Overview

Mesoamerican manuscripts embody a wide range of qualities and formats, including pictorial manuscripts, screenfold and roll tira, and lienzos. Due to colonial violence, there are few surviving manuscripts from the pre-contact (pre-Columbian) period. However, a substantial number of manuscript objects made after this period share similarities with these early traditions; these include land maps, legal documents, catechisms, and accounts of the Spanish invasion, written and painted on paper, amatl (bark paper), animal skins, and other  sheet materials. Many post-contact manuscripts act as spaces for settler colonial and Indigenous encounters, shedding light on these histories that are both separate and shared.

Current project activities support work, led by David Fernández (University of Toronto Libraries), focus on a post-contact codex, Axoloapan Xoloctlan, a land grant manuscript from Tecámac, Mexico (1690-1720) in the collection of the Thomas Fisher Rare Book Library, Toronto. The codex is a Techialoyan manuscript in Nahuatl, on amatl, documenting land ownership by Indigenous caretakers and owners of land in Mexico.

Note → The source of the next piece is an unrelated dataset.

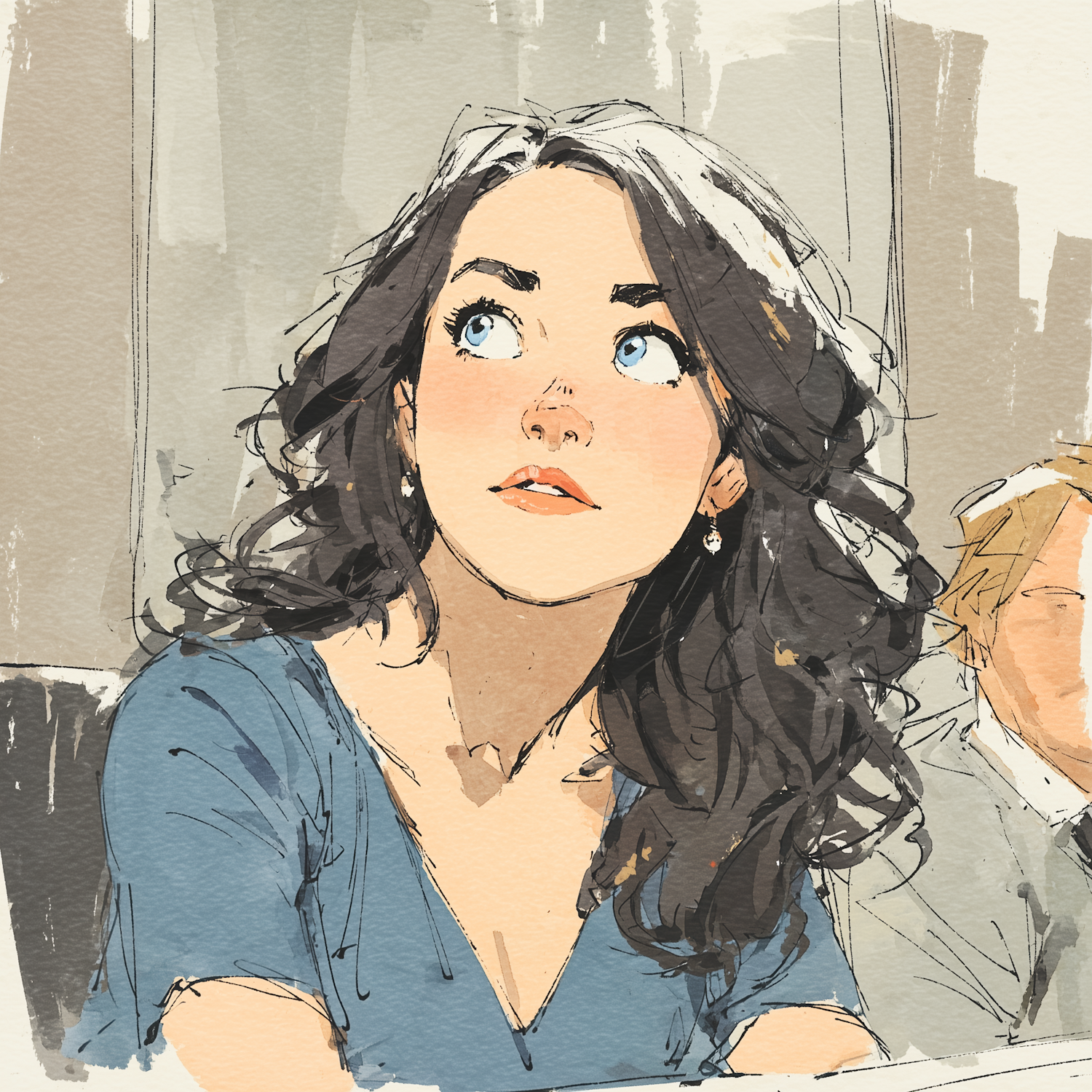 Stylized illustration of a thoughtful woman with wavy dark hair and blue eyes, set against a muted background with artistic textures.

These Techialoyan documents were used to assert land claims in court against the Spanish, who were attempting to reestablish land boundaries and take Indigenous lands in the 17th and 18th centuries. Fibre analysis, among other tools, can help us better understand the materials and processes used to create the codex.

In 2025, a workshop — "Understanding Colour in a Techialoyan Codex” — brought together conservators and researchers who are studying the use of pigment in Nahua manuscripts. The Fisher library included the codex in the library's 70 Rare Books, Special Collections, Archives exhibit.